Hier il a neigé.Rien de très impressionnant mais quand votre
âme d'enfant revient de loin vous vos dites pendant une fraction de seconde que
la vie vaut d'être vécue.
Cette neige m'a trempée jusqu'aux os, mon maquille-âge a coulé, mes vêtements étaient inondés... mais j'ai aimé.
Je danse dans la neige et je regarde le ciel, j'avale ce froid et
je sent la mort s'échapper de moi.
Je suis en noir tachetée de blanc et je souris. Je vis cet instant comme si c'était le dernier. Je tourne sur moi-même l'alcool qui est en moi décide de me monter un peu plus à la tête et je n'ai qu'une envie, celle de tomber dans la neige et de me laisser aller sur cette couche de glace qui s'accumule..
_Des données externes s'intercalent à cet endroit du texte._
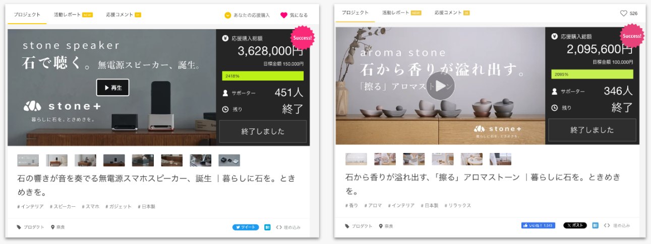 商品の企画・開発からブランディング、「Makuake」での商品発表、販売までを総合支援。2023年7月18日より「stone speaker」を販売開始し、合計451名、¥3,628,000の応援購入をいただきました。また、2024年2月19日より「aroma stone」を販売開始し、合計346名、¥2,095,600の応援購入をいただきました。

Je bénis mes paraboots d'être aussi appropriées.
Je bénis tout ceux qui comme moi ont bénis la loi Evin et sont aller cramer leur clope dehors.
Je bénis les phénomènes scientifiques et météorologiques.
Je bénis cet instant où plus rien n'importait.
Je m'en fout de mon
nez rouge, de mes
yeux noirs en larmes, de mes doigts gélés, de ma clope éteinte...
Je chante les
Shériffs en allumant cette allumette pour me réchauffer [
j'aime jouer avec le feu mais j'aime pas me bruler], je pense au si tristement célèbre compte de
Hans Christian Andersen et me crame les doigts, je pense à mes ex, à ma grand mère qui prétexterait ce temps pour boire de la vodka avec moi en gueulant
"PORCHERIE" (
c'est elle qui m'a fait découvrir les bienfaits de l'alcool et les Béruriers ).
Durant cet instant-là j'ai aimais la Terre entière.
Durant cet instant-là ma vie était belle et méritait de le resterPuis la neige s'est arrêtée et a fondu
sous mes yeux embués par l'alcool.
Ma vie est redevenue morne et
je suis partie profiter de la douleur d'être en vie en me détruisant un peu plus.